Casandra




Un momento mágico de la literatura, para mí, fue descubrir a Casandra

Fue bendecida por Apolo con un don que también era un castigo: podía predecir el futuro, sentir cada muerte, cada batalla, cada fiesta. Sin embargo, su palabra sería tan confusa, tan velada, que nadie sabría a qué se refería; y, si por casualidad resultaba comprensible, no la tomarían en cuenta.
Así fue que no le creyeron cuando advirtió que el Caballo de Troya era un engaño, cuando anunció la muerte de Héctor, y otras tantas veces.

Me quedaron dos cosas rondando tras conocer su historia.
Por un lado, la desesperación que la asaltaba cada vez que no la comprendían, que la daban por loca, o que, sencillamente, no le creían.
Decía, avisaba, advertía una y otra vez, de diferentes maneras, y nada… No había forma de que la entendieran. Eso era terrible: quedaba impotente frente a una realidad que se venía encima y no podía evitar. Pensaba que era su castigo colateral; no creía merecer que le creyeran. Se culpaba.

Y lo otro, igual de terrible: ¿cómo no pudo torcer su propio destino, aun sabiendo quién, cómo y cuándo la matarían?

Inmediatamente supe que esas dos cosas son justamente las que nos vuelven a todos Casandra muchas veces.

Las veces que no nos entienden ni nos creen; las veces que decimos, advertimos y avisamos, pero ni somos claros ni resultamos creíbles.
Las veces que no hacemos caso a lo que sabemos que podría mover nuestro propio destino, incluso nuestra propia “muerte”: esa decisión que pudimos cambiar, ese dolor que estaba cantado que se venía, esa alegría que dejamos ir porque no la creímos merecer.

En definitiva, por ella aprendí que el pronóstico siempre es menos importante que la credibilidad.
No podemos evitar todo lo que nos rodea y nos hiere —ni sería sano hacerlo—; nadie puede evitar el dolor ajeno ni sortear ileso el propio.
Sin embargo, a veces, sí se puede.
Salimos de ahí, de ese destino inalterable, cada vez que nos creemos, cuando podemos ver los grandes logros o las victorias mínimas, cuando parece cierto que alguien nos quiere y nos cree.

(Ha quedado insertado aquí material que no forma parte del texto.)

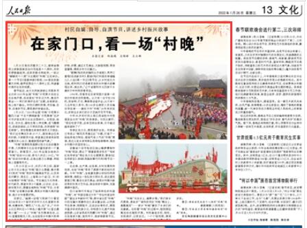 1月25日至26日,農(nóng)歷小年之際,國(guó)家公共文化云推出“村晚”接力云展播,集中展示《我的“村晚”我的年》融媒體節(jié)目,以及來(lái)自?xún)?nèi)蒙古、黑龍江、上海等20個(gè)?。▍^(qū)、市)的30場(chǎng)精彩“村晚”活動(dòng)。節(jié)目通過(guò)文化傳承、時(shí)代新風(fēng)、展望未來(lái)3個(gè)篇章,以訪談、互動(dòng)、游戲等方式,展播各地特色“村晚”節(jié)目、分享“村晚”臺(tái)前幕后故事、展現(xiàn)鄉(xiāng)村振興美好畫(huà)卷、推介鄉(xiāng)村美景好物。

Y así, de verdad, evitamos que entren caballos de Troya o que, a uno u otro, lo parta al medio un dolor.

Con esto quiero decir lo mismo: el pronóstico es menos importante que la credibilidad.
De nada sirve anunciar —o anunciarnos a nosotros mismos— si no nos creemos ni resultamos creíbles.
Casandra invita a confiar en nuestro poder un poco más:
así, con lo puesto, con el día a día, con el recuento de mínimos logros… y de grandes victorias.